■ **Dataset items**
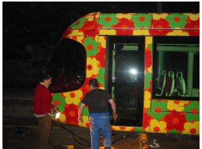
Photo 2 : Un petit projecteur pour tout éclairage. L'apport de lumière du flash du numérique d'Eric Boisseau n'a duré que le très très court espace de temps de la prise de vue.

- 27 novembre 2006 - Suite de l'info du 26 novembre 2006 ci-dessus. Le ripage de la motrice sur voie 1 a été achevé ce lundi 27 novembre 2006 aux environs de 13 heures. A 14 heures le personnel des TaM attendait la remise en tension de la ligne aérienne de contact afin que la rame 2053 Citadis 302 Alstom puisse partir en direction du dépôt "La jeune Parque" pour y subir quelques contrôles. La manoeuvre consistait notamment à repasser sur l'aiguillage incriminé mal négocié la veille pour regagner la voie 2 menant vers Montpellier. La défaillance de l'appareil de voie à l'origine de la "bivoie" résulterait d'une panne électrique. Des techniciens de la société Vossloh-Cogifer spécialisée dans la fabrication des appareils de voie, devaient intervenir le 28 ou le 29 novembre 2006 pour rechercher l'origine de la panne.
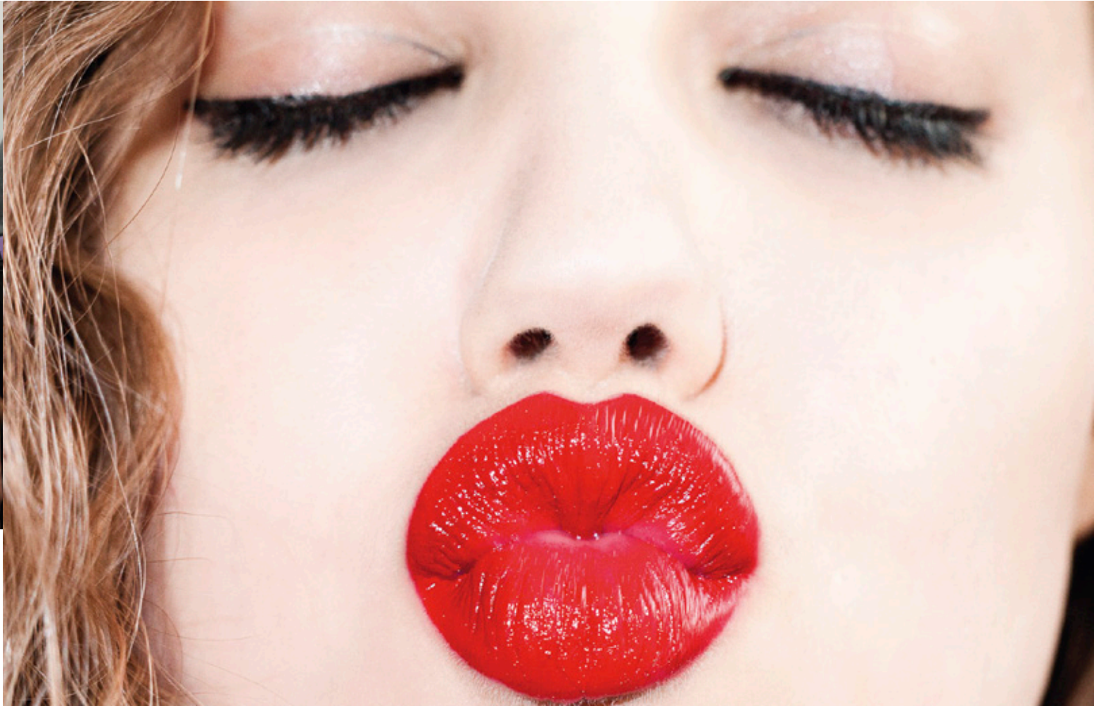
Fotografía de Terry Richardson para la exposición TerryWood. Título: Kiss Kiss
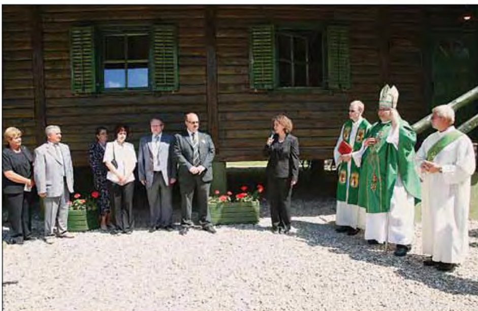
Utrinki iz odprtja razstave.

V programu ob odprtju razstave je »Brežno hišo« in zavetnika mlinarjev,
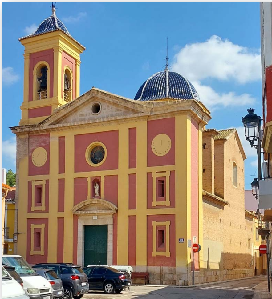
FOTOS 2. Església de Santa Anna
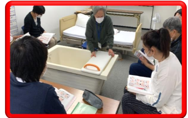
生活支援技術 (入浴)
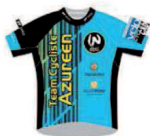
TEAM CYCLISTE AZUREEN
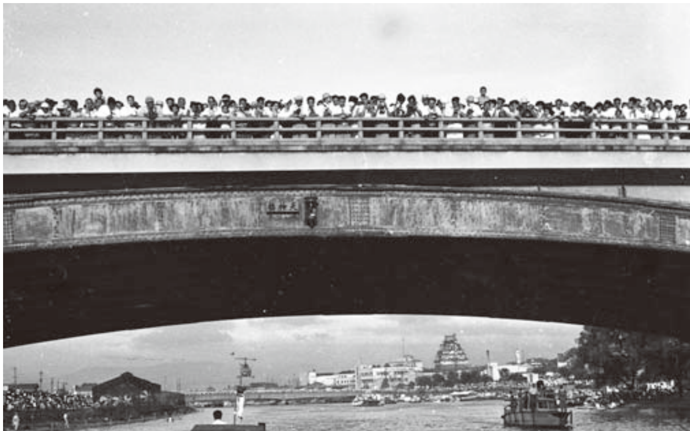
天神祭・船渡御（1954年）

■ **What to produce**
Repeat all the records exactly, images excluded.

■ **Exercise solution**
Photo 2 : Un petit projecteur pour tout éclairage. L'apport de lumière du flash du numérique d'Eric Boisseau n'a duré que le très très court espace de temps de la prise de vue.

- 27 novembre 2006 - Suite de l'info du 26 novembre 2006 ci-dessus. Le ripage de la motrice sur voie 1 a été achevé ce lundi 27 novembre 2006 aux environs de 13 heures. A 14 heures le personnel des TaM attendait la remise en tension de la ligne aérienne de contact afin que la rame 2053 Citadis 302 Alstom puisse partir en direction du dépôt "La jeune Parque" pour y subir quelques contrôles. La manoeuvre consistait notamment à repasser sur l'aiguillage incriminé mal négocié la veille pour regagner la voie 2 menant vers Montpellier. La défaillance de l'appareil de voie à l'origine de la "bivoie" résulterait d'une panne électrique. Des techniciens de la société Vossloh-Cogifer spécialisée dans la fabrication des appareils de voie, devaient intervenir le 28 ou le 29 novembre 2006 pour rechercher l'origine de la panne.
Fotografía de Terry Richardson para la exposición TerryWood. Título: Kiss Kiss
Utrinki iz odprtja razstave.

V programu ob odprtju razstave je »Brežno hišo« in zavetnika mlinarjev,
FOTOS 2. Església de Santa Anna
生活支援技術 (入浴)
TEAM CYCLISTE AZUREEN
天神祭・船渡御（1954年）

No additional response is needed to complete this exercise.